LargeUp: Introduce yourself for those who don’t know you, and give us a little overview of your background…
Marcus Burrowes: I am a founder and the creative director of RockersNYC. I was born in Kingston but grew up traveling a lot between New York, [Washington] D.C [and] Venice/Santa Monica. I lived in New York longer than anywhere else, though.
LU: You grew up in a Rastafarian household. How did punk rock become such an influence for you?
MB: It has a lot to do with timing but I actually think that me growing up a Rasta helped me to gravitate to punk rock, believe it or not. At that time you were not cool in the regular African-American community if you didn’t have some sort of Jheri curl or finger wave ,so being a young kid with locks made me automatically bond more with outsider culture.

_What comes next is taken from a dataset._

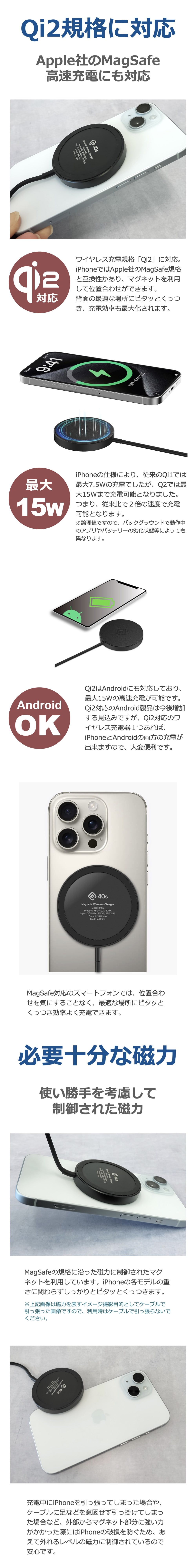 - > (2個セット)Qi2対応 ワイヤレス充電器 MagSafe互換 15W 急速充電 iPhone Android 40s MS2

Bands like The Clash/Specials covered songs that I already loved. Plus growing up the way I did, it just seemed like another form of rebel music/culture for me… and I can’t leave out Bad Brains!
LU: Who were your style heroes growing up?
MB: Supercat, Dr. Alimantado, Slick Rick, Hugh Mundell, Paul Simonon, Joey Ramone.
LU: How did Rockers NYC start?
MB: It was very DIY. At the time, I was doing freelance design for magazines but I wanted to do something more creative, and I always loved the artistic side of fashion. I knew a couple people in the streetwear industry and they bought a few of my designs.
Continue here for Part 2.
Popcaan wears the LargeUp x RockersNYC “Jamaica” tee
LU: What was the initial response to your aesthetic? Were people ready for it?
MB: Initially, a lot of people didn’t know what to think. But, luckily, most of the tastemakers got it right away.
LU: These days you see punk rock style and tribal patterns showing up in the hood, mall stores, everywhere but when Rockers came out it was pretty unique in merging punk and even heavy metal aesthetics with bold island colors. What role do you think you played in this evolution?
MB: A big one.
LU: The whole streetwear craze has died down a lot in the last few years. What are some of the other things you’re working on to keep things fresh for you?
MB: Doing more art.
LU: Are you impressed with or inspired by current styles in Jamaica? Is it still the aesthetic innovator that it used to be?
MB: It’s hard to say because Jamaica has always been so far ahead of its time. I remember back in the day thinking how the Jamaican aesthetic fell off when I saw some of the suits Shabba, Pinchers or even Capleton would wear but now looking back I realize that those guys were miles ahead. Not sure if 20 years from now I will finally understand the Ed Hardy thing.